Whenever an image turns up, omit it and return the remaining data exactly.

*Dataset content*:
[Start of section]

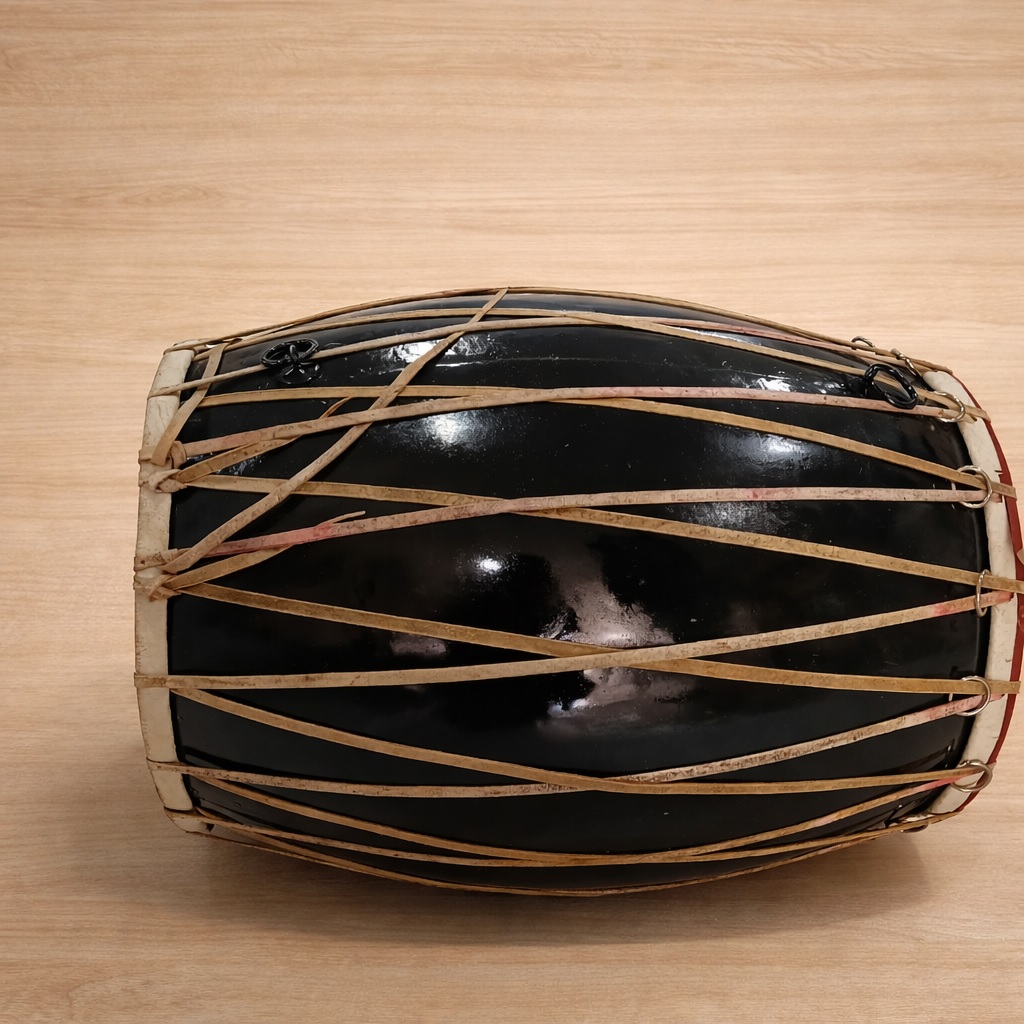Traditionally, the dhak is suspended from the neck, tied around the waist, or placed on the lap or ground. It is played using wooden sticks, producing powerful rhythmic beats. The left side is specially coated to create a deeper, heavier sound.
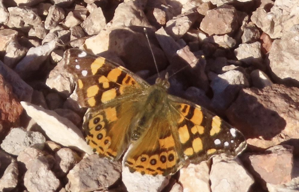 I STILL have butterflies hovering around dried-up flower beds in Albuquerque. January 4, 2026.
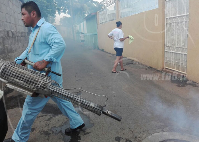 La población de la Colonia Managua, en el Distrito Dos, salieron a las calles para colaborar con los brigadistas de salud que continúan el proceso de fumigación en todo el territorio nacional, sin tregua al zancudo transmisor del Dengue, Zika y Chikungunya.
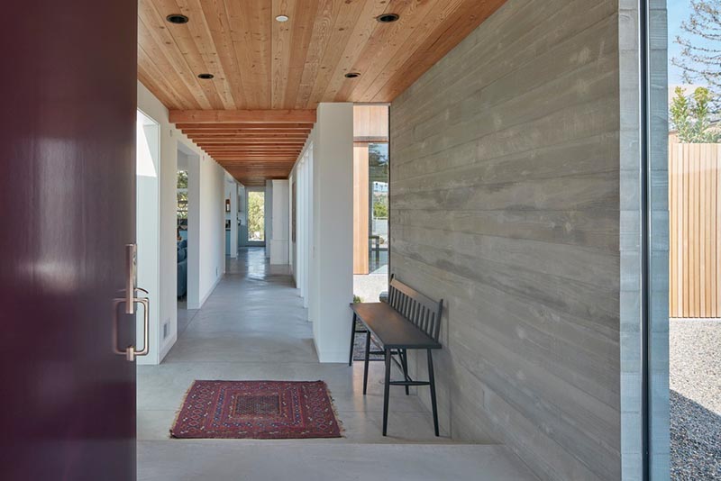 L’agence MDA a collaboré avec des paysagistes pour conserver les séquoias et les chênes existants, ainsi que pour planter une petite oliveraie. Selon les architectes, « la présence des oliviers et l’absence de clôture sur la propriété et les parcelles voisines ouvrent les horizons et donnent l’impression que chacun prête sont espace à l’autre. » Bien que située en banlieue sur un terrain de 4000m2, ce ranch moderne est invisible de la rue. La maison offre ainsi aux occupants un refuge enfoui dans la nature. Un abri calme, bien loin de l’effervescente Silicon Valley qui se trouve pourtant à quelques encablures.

[End of section]

*Written response*:
Traditionally, the dhak is suspended from the neck, tied around the waist, or placed on the lap or ground. It is played using wooden sticks, producing powerful rhythmic beats. The left side is specially coated to create a deeper, heavier sound.
 I STILL have butterflies hovering around dried-up flower beds in Albuquerque. January 4, 2026.
 La población de la Colonia Managua, en el Distrito Dos, salieron a las calles para colaborar con los brigadistas de salud que continúan el proceso de fumigación en todo el territorio nacional, sin tregua al zancudo transmisor del Dengue, Zika y Chikungunya.
 L’agence MDA a collaboré avec des paysagistes pour conserver les séquoias et les chênes existants, ainsi que pour planter une petite oliveraie. Selon les architectes, « la présence des oliviers et l’absence de clôture sur la propriété et les parcelles voisines ouvrent les horizons et donnent l’impression que chacun prête sont espace à l’autre. » Bien que située en banlieue sur un terrain de 4000m2, ce ranch moderne est invisible de la rue. La maison offre ainsi aux occupants un refuge enfoui dans la nature. Un abri calme, bien loin de l’effervescente Silicon Valley qui se trouve pourtant à quelques encablures.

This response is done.